Teaching mental health providers how to navigate the managed care industry and increase cash flow

Posts made in October, 2013

What Mental Health Professionals Need to Know About the DSM 5 Part 2

Posted by on Oct 9, 2013 in DSM IV-TR, DSM5, Psychotherapy | 4 comments


dsm5-2 Welcome back! I’m so glad you returned to learn about even more changes that have been implemented in the DSM 5. I got a lot of feedback and made a few clarifications in part 1. But there is more to come. I know that this is a lot of new material to digest, especially if like me, you have been using the Axis system your entire career. Alas, the only thing that is constant is change, so we might as well go with the flow. Now on to the changes

1. In case you missed it, the Mood Disorder category has now been split into Bipolar and Related Disorders and Depressive Disorders

2. Disruptive Mood Dysregulation Disorder – think Bipolar for children. This diagnosis cannot coexist with Bipolar or ODD. DMDD can coexist with ADHD.

3. Persistent Depressive Disorder now covers MDD and Dysthymia. Criteria states symptoms must be present over a 2 year span. Bereavement is no longer considered an exclusion for depression.

4. For the first time, there is now a gender specific mental health diagnosis – Premenstrual Dysphoric Disorder. The diagnosis was previously being assessed in the DSM-IV.

5. Separation Anxiety can be diagnosed in adults now. Social Anxiety DO replaces Social Phobia. Panic Disorder and Agoraphobia have been separated. Panic Attack is now a disorder. Children only have to meet 1 out of 6 criteria to be diagnosed with GAD

6. There is no age exclusion for personality disorders. A 12 year old can be diagnosed with Borderline as long as the symptoms have been present for 1 year

7. In order to have a diagnosis of PTSD, must be explicit about traumatic event and Criterion B has been eliminated (patient may not respond with horror). There are now 4 symptom clusters: Re-experiencing, Avoidance, Numbing, and Arousal/Reactivity

8. For Anorexia Nervosa, Amenorrhea has been removed as criterion. Instead of 85% of expected weight, the new criteria is significantly low body weight. Binge Eating Disorder has been added. For Bulimia, the threshold has been lowered to 1x per week for binging and purging

9. The terms abuse and dependence have been replaced by “Use” in the Substance-Related and Addictive Disorders Category. There are criteria for: Intoxication, Withdrawal, Substance-Induced Disorders, and Other/Unspecified substance related disorders. Two or more criteria must be met to give a diagnosis, raised from one. Legal issues is no longer a criteria for Substance Use. Severity is determined by number of criteria met.

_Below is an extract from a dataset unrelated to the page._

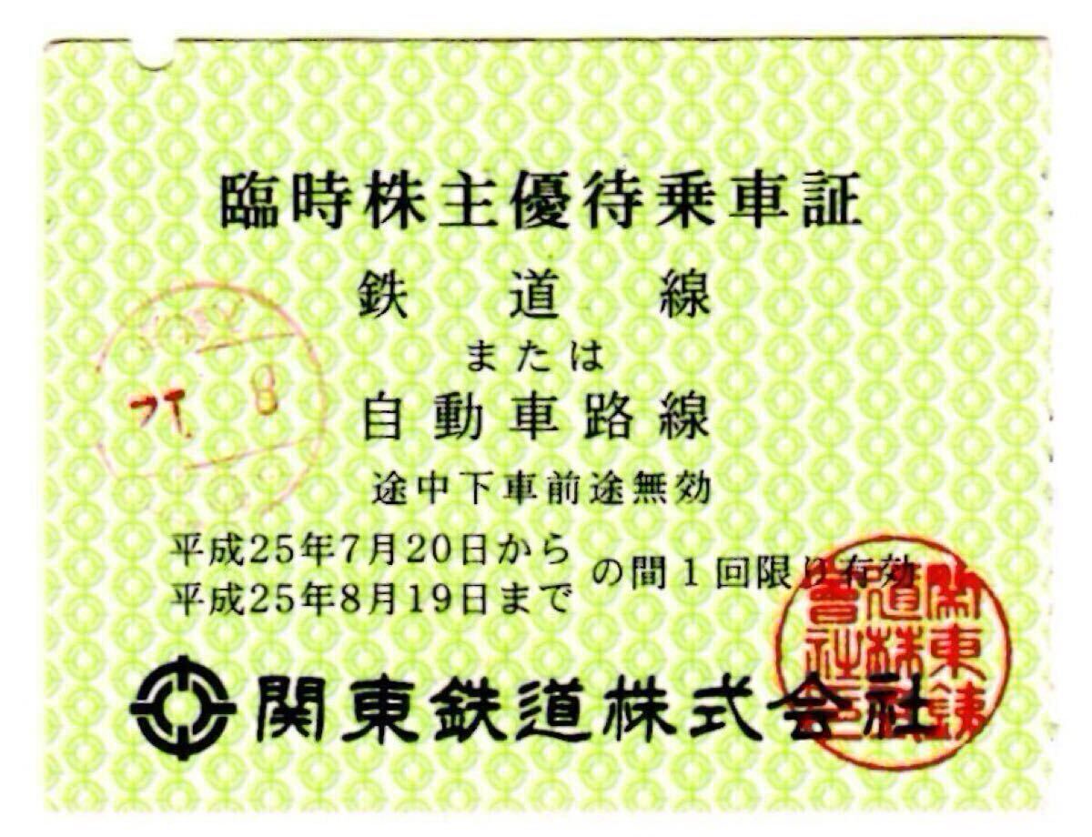 - 【関東鉄道】臨時株主優待乗車証(使用済み)

10. Delirium is now a separate disorder. Dementia and Amnestic Disorders are now under Major and Mild Neurocognitive Disorder (NCD). If the NCD is caused by a medical condition, you list the disorder as Major/Mild NCD due to Medical Condition i.e Major NCD due to Alzheimers/HIV/Another Medical Condition.

Ok folks. That’s all for now. And as a friendly reminder, ICD codes will be in full effect October 2014. But not all of the new diagnoses listed in DSM5 have a code yet. We’ll discuss that in a later post. As always questions and comments are appreciated so drop those below. If you want articles delivered directly to your inbox, sign up on the right.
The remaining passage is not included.